DATASET SECTION.
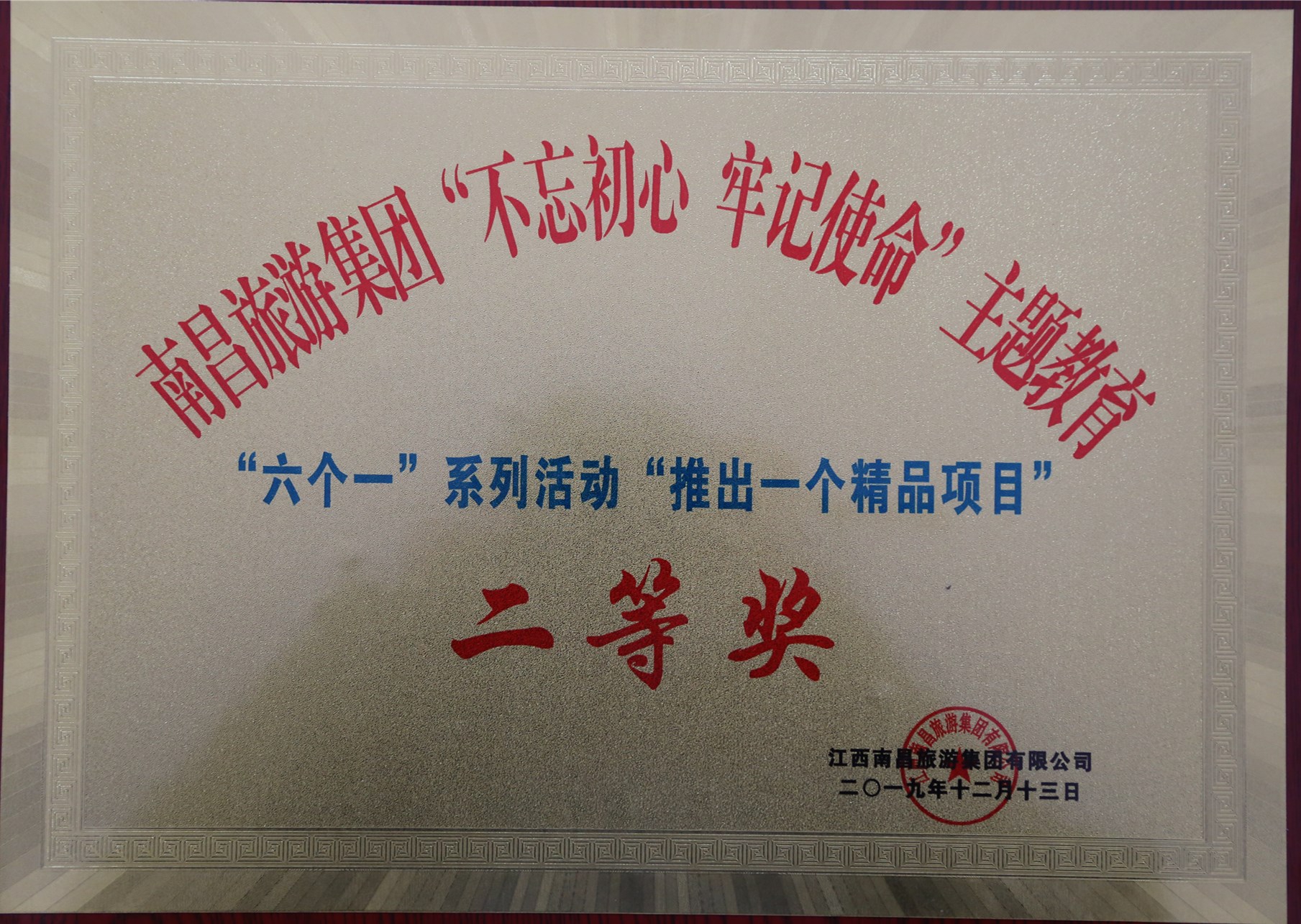 12月13日下午,南昌旅游集團在滕王閣會見廳召開“不忘初心、牢記使命”主題教育“六個一”活動暨董事長獎勵表彰大會,我公司參評的“推出一個精品項目”榮獲二等獎,“突破一個基層難點”榮獲三等獎,“樹一個模范人物”、“講一個初心故事”、“擦亮一個服務(wù)窗口”、“創(chuàng)一個先鋒黨支部”榮獲優(yōu)秀獎。另外,我公司參與合作的“繩金塔項目EPC招標(biāo)攻堅團隊”榮獲董事長特別獎。
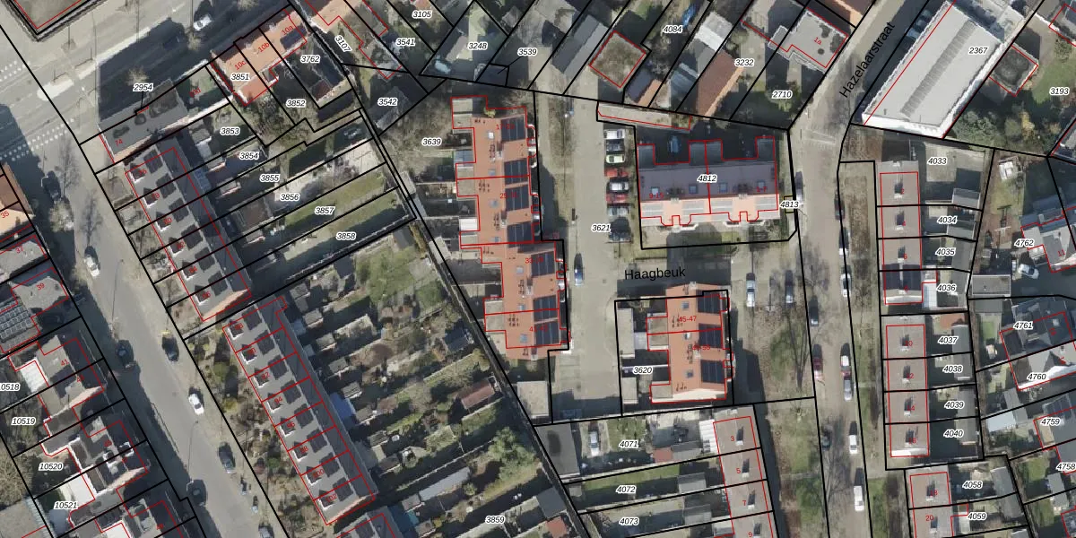Het perceel waarop Haagbeuk 35 staat heeft een oppervlakte van 1200 m². Dit is een zeer groot perceel. De perceeloppervlakte wordt geregistreerd door het Kadaster. Gedetailleerde informatie over de maten van dit perceel kunt u vinden in het rapport Kadastrale kaart met maatvoering van Haagbeuk 35.
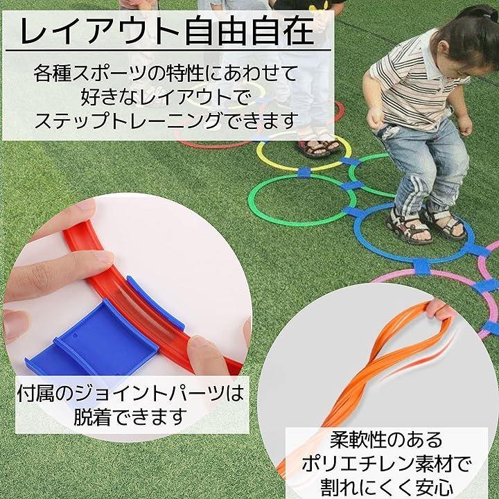 「レイアウト自由自在」付属のジョイントパーツは脱着可能、各種スポーツの特性にあわせて、好きなレイアウトでステップトレーニングできます。
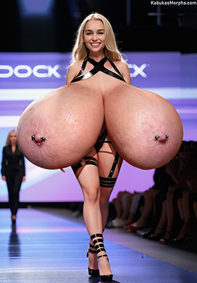 Check out these morph samples of GOT actress Emilia Clarke exposing her giant tits out on the runway.

DESCRIPTION OF THE TASK.
A faithful, picture-free copy of the material is what this task asks for.

ANSWER BELOW.
 12月13日下午,南昌旅游集團在滕王閣會見廳召開“不忘初心、牢記使命”主題教育“六個一”活動暨董事長獎勵表彰大會,我公司參評的“推出一個精品項目”榮獲二等獎,“突破一個基層難點”榮獲三等獎,“樹一個模范人物”、“講一個初心故事”、“擦亮一個服務(wù)窗口”、“創(chuàng)一個先鋒黨支部”榮獲優(yōu)秀獎。另外,我公司參與合作的“繩金塔項目EPC招標(biāo)攻堅團隊”榮獲董事長特別獎。
Het perceel waarop Haagbeuk 35 staat heeft een oppervlakte van 1200 m². Dit is een zeer groot perceel. De perceeloppervlakte wordt geregistreerd door het Kadaster. Gedetailleerde informatie over de maten van dit perceel kunt u vinden in het rapport Kadastrale kaart met maatvoering van Haagbeuk 35.
 「レイアウト自由自在」付属のジョイントパーツは脱着可能、各種スポーツの特性にあわせて、好きなレイアウトでステップトレーニングできます。
 Check out these morph samples of GOT actress Emilia Clarke exposing her giant tits out on the runway.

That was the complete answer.